As you can see, to use an NPN transistor as a high-side switch you need to pull the base 1Vbe above the supply rail you want to switch on. Additionally you need to pull the base all the way back to ground to turn it off. Because of these requirements, an NPN is rarely used as a high-side switch.

In your second example, you are using a PNP as a high-side switch. In this case all you need to worry about is current. When you want to switch on the PNP, pull \$ I_c /10 \$ current out the base terminal for good saturation.

To switch off the PNP don't pull any current out of the base of the PNP. The pull-up in parallel with the base & emitter terminals of the PNP is discharge base charge and potential base leakage current.


Note: One resistor is missing from your second schematic.


Sample schematic of a high-side PNP switch for a nixie tube is shown below,

schematic

simulate this circuit – Schematic created using CircuitLab

To select components \$R_x\$ & \$ R_2\$ we start from the load and work backwards towards the control signal.

We will assume that max load current of a nixie tube is 20 mA. To ensure good saturation of Q2 we desire a base current of,

$$ I_{B2} = \dfrac{20 \text{mA}}{10} = 2 \text{mA} $$

When Q2 is conducting we know \$V_{B2}\$ will be one \$V_{BE}\$ below the supply rail \$ \approx 169.3 \$ V (170 is also just as good of an approximation here).

The pull-up current through R1 is, $$ I_P = \dfrac{0.7}{100\text{k}\Omega} = 7 \mu \text{A} $$

The collector current of Q1 is the sum of \$ I_{B2} + I_P \$ which is approximately just \$ I_{B2} \$ = 2 mA.

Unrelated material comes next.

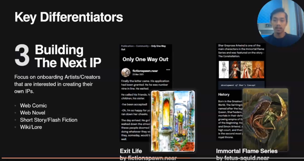 And the last one is building the next IP we focus on onboarding artists or creators that are interested in getting their own IPs, it could be a webcomic web novels, short story or first fiction, or even a wiki or lore.

Resistor \$R_x\$ is a dropper/ballast resistor used to set the base current drive of Q2. We know \$V_{B2} = 169.3\$ V. The collector voltage of Q1 (\$V_{C1}\$) can be approximated as 0 V (typically 200 mV is used as an approximate Vce,sat however its negligible in this circuit).

By ohms law, we can find Rx as, $$ R_X = \dfrac{ 169.3}{2 \text{mA} } = 84.650 \text{k}\Omega $$

Selecting the next lowest value in EIA24 resistor series would be 82 kOhms.

Select \$R_2\$ for at least 200 uA of base drive. Anything lower than 25 kOhms would be fine for \$R_2\$. Personally, I would just use a 10k resistor for \$R_2\$.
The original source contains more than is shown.